23. In changing a solid body to a liquid, either by melting or by dissolving it, or in changing a liquid to vapor or gas, a large amount of heat may be applied without changing the temperature. Thus, a pound of ice at 32° will absorb 142.65 heat units in changing to water having the same temperature. Again, the pound of water thus produced may be heated to the boiling point, 212°, by the addition of 180.531 heat units. But, in order to convert the water at 212° into steam at the same temperature, 966.069 heat units must be added. Thus, a pound of steam at 212° contains 966.069 + 180.531 + 142.65 = 1,289.25 heat units more than a pound of ice at 32°, although the difference in temperature is only 180°.

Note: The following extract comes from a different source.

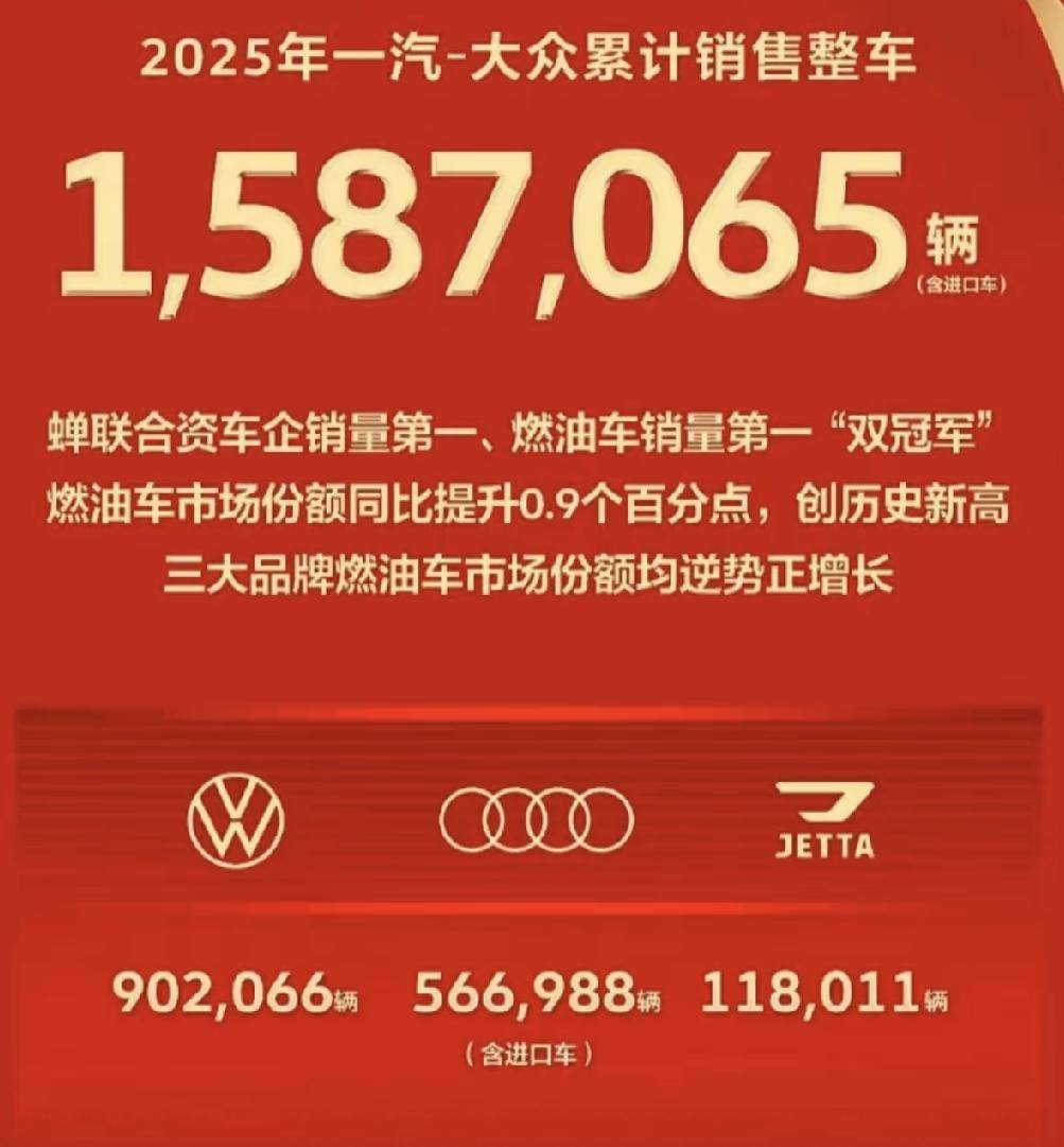 一汽-大众2025年销量1587065辆(含奥迪进口车),其中大众品牌902066辆,奥迪品牌(含进口车)566988辆,捷达品牌118011辆。在新能源渗透率持续走高的背景下,一汽-大众不仅蝉联合资车企销量第一,更夺得国内燃油车销量冠军。其燃油车市场份额逆势同比增长0.9个百分点,创下历史新高。作为企业核心支柱的大众品牌,燃油车市占率亦同比提升0.6个百分点,位列国内燃油车市场第一阵营。

The heat which is thus absorbed in the process of melting or vaporization, is called latent heat.

The temperature at which a body changes from a solid to a liquid state is called the temperature of fusion; and the number of B. T. U. required to effect this change in a body weighing 1 pound is called the latent heat of fusion. The temperature at which a body changes from a liquid state to a vapor (gas) is called the temperature of vaporization; and the heat required to effect this change in one pound of the liquid is called the latent heat of vaporisation.

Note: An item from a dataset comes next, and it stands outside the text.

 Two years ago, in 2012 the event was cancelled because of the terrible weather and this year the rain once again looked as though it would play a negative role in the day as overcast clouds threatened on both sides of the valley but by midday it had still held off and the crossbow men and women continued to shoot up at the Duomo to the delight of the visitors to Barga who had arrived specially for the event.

When a vapor changes back to a liquid, it is said to condense, and when a liquid changes back to a solid, it is said to freeze; in either case, an amount of heat equal to the latent heat of vaporization or of fusion, as the case may be, must be abstracted from (given up by) the body before the change can be effected.

24. The following table shows the amounts of latent heat required for the fusion or vaporization of 1 pound of various substances, they having first been raised to the temperature at which the change takes place, and the pressure being 1 atmosphere, or 14.7 pounds per square inch:

## Table 6

 Substance. Temperature of Fusion. Temperature of Vaporization. LatentHeat ofFusion.B. T. U. Latent Heat ofVaporization.B. T. U. Water...... 32° 212° 142.65 966.069 Mercury..... -37.8° 662° 5.09 157 Sulphur..... 228.3° 824° 13.26 Tin........ 446° 25.65 Lead.... 626° 9.67 Zinc....... 680° 1,900° 50.63 493 Alcohol..... Unknown 173° 372 14° 313° 124 Linseed oil.... 600°

The temperature of vaporization in the above table is the boiling' point of the liquid under the ordinary atmospheric pressure of 14.7 pounds per square inch.

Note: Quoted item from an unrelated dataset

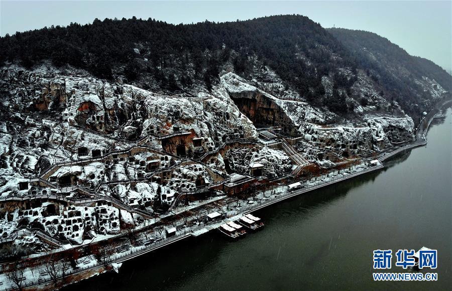 當(dāng)日,雪后的河南洛陽(yáng)龍門石窟景區(qū)銀裝素裹,一幅天然的水墨畫(huà)卷徐徐展開(kāi)。

The variation of the boiling point by changes in pressure differs greatly in various liquids. The temperature of fusion, or the melting point, is similarly affected by changes in pressure, but the amount of the variation is unimportant for all the purposes of heating and ventilation.

## Example

If 5 pounds of ice, having a temperature of 10° below zero, be mixed with hot water having a temperature of 200°, what weight of hot water will be required to melt the ice and bring the temperature of the mixture up to 60°?

## Solution

The temperature of the ice is 10 + 32 = 42° below the freezing point. The amount of heat required to raise its temperature to the freezing point will be 42 X .504 (specific heat) X 5 = 105.84 heat units. To liquefy the ice at 32° will require 5 X 142.65 (latent heat of fusion) = 713.25 heat units. Then, to change the ice into water at 32°, 105.84 + 713.25 = 819.09 heat units must be applied to it. To bring its temperature up to 60°, there must be (60-32) X 5 = 140 heat units added, which makes the total quantity of heat required, 819.09+ 140 = 959.09 heat units.

The hot water is to be cooled from 200° down to 60º; therefore, each pound will give up 200-60 = 140 heat units; 959.09 ÷140 = 6.85 pounds of hot water will be required to furnish the 959.09 heat units. Ans.